**ABOUT THIS TASK**
When you return the data, keep every line exactly as it is and leave out the pictures.

---- EXERCISE DATA

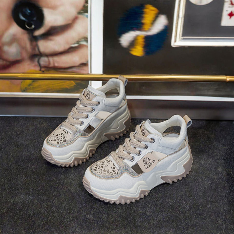 รองเท้าวิ่ง GON22 สำหรับฤดูใบไม้ผลิและฤดูร้อน ระบายอากาศได้ดี ดีไซน์แบบผูกเชือก เพิ่มความสูง ดีไซน์แบบโปร่ง สีพื้น พื้นรองเท้า PU วัสดุ EVA
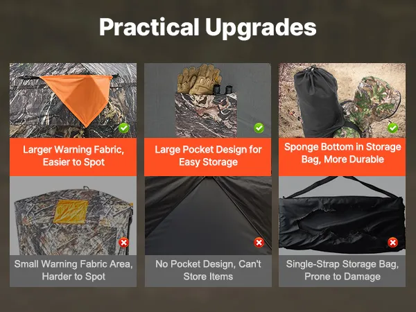 Our hunting blinds feature multi-window, multi-angle viewing designs, providing an unobstructed view, allowing you to easily observe animals and take precise shots.
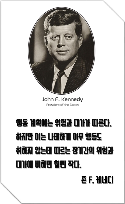 오늘의 명언_존 F. 케네디 12,243 0 1 행동 계획에는 위험과 대가가 따른다.하지만 이는 나태하게 아무 행동도 취하지 않는데 따르는장기간의 위험과 대가에 비하면 훨씬 작다.「존 F. 케네디」 `19.03.28(updated. `19.03.29) 다음글외국계 기업의 영어면접, 어디까지 준비해야 할까요? 이전글상품 개발업 Q&A

--------

**SOLUTION TO THIS EXERCISE**
 รองเท้าวิ่ง GON22 สำหรับฤดูใบไม้ผลิและฤดูร้อน ระบายอากาศได้ดี ดีไซน์แบบผูกเชือก เพิ่มความสูง ดีไซน์แบบโปร่ง สีพื้น พื้นรองเท้า PU วัสดุ EVA
 Our hunting blinds feature multi-window, multi-angle viewing designs, providing an unobstructed view, allowing you to easily observe animals and take precise shots.
 오늘의 명언_존 F. 케네디 12,243 0 1 행동 계획에는 위험과 대가가 따른다.하지만 이는 나태하게 아무 행동도 취하지 않는데 따르는장기간의 위험과 대가에 비하면 훨씬 작다.「존 F. 케네디」 `19.03.28(updated. `19.03.29) 다음글외국계 기업의 영어면접, 어디까지 준비해야 할까요? 이전글상품 개발업 Q&A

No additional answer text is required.